March / Monthly / Tutorials / Software / Home
Last month's tutorial presented an introduction to the control flow of our hybrid approaches to application of support vector machines (SVMs) and relevance vector machines (RVM) to continuous speech recognition system. This tutorial is second in a series of three tutorials that explains how to train and evaluate a HMM/SVM hybrid system. In the last tutorial, we will provide a similar tutorial for the RVM system. Both of these systems will be released with version r00_n12 of our production system. You can monitor the progress of this release on our asr mailing list.

This tutorial provides steps on how to run our hybrid system approach to implementing risk minimization-based approaches such as SVMs. The theory behind this implementation is covered in the dissertation:

The next tutorial will provide steps on how to run our hybrid system approach to implementing risk minimization-based approaches such as RVMs. The theory behind the RVM system implementation is covered in the dissertation:

A number of conference publications and seminars are also available on our publications web site.

In last month's tutorial, we described our two-pass hybrid system approach that essentially uses a HMM system to generate the N-best lists and alignments, and a SVM (or RVM) system to rescore these results. This tutorial explains the command lines for various utilities required to build this SVM system.

HMM/SVM Hybrid System:

In this section, we will cover the process of intergration of the HMM output to the SVM based hybrid system. As discussed in the first tutorial in the series of three tutorials, the two basic steps to build the SVM-based hybrid system are: SVM training, and SVM-based N-best list re-scoring.
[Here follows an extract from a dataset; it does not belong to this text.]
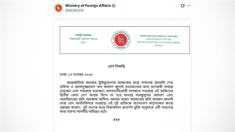 సోమవారం, నవంబర్ 17న బంగ్లాదేశ్ ప్రభుత్వం ఒక కీలక డిమాండ్ను భారతదేశానికి అధికారికంగా పంపింది. గత సంవత్సరంలో విద్యార్థుల ఉద్యమాన్ని అణచివేయడంలో పాత్ర పోషించినందుకు ఉరిశిక్ష విధించబడిన మాజీ ప్రధానమంత్రి షేక్ హసీనా, మాజీ గృహ మంత్రి అసదుజ్జమాన్ ఖాన్ కమల్ లను భారత్ అప్పగించాలని ఢాకా కోరింది. బంగ్లాదేశ్ విదేశాంగ మంత్రిత్వ శాఖ విడుదల చేసిన ప్రకటనలో.. ఇటీవల వచ్చిన తాజా తీర్పులో, జూలై సంఘటనల్లో జరిగిన దారుణ మారణహోమానికి సంబంధించిన కేసులో పారిపోయిన హసీనా, అసదుజ్జమాన్ ఖాన్ కమల్ దోషులుగా తేలి శిక్షించబడ్డారని పేర్కొంది. మానవత్వానికి వ్యతిరేకంగా చేసిన నేరాలకు పరారైన వ్యక్తులకు మన ఏదైనా పొరుగు దేశం ఆశ్రయం ఇవ్వడం స్నేహపూర్వక నైతికతకు విరుద్ధం. ఇది న్యాయ ప్రక్రియను అవమానపరచే తీవ్రమైన చర్య. అందువల్ల, ఈ ఇద్దరు దోషులను వెంటనే బంగ్లాదేశ్ అధికారులకు అప్పగించాలని మేము భారత్ను గట్టిగా కోరుతున్నాము. రెండు దేశాల మధ్య ఉన్న అప్పగింత ఒప్పందం ప్రకారం భారతదేశం దీనిని గౌరవించాల్సిన బాధ్యత ఉందని ప్రకటనలో కోరింది.

In this tutorial, we describe the command line interfaces of the utilities required for these two steps.

  • SVM Training:

    In the first tutorial that presented the overview of SVM/RVM hybrid systems, we learned that training the support vector models (SVMs) consists of a sequence of four steps: Segmental Feature Generation, Segmental Feature Selection, Core SVM Training, and Posterior Creation. For simplicity, lets assume that we are training SVMs corresponding to each monophone contained in the phone-set of the database under consideration. As shown in the figure below, the output at the end of these sequence of four steps is a set of posteriors corresponding to each of the monophones.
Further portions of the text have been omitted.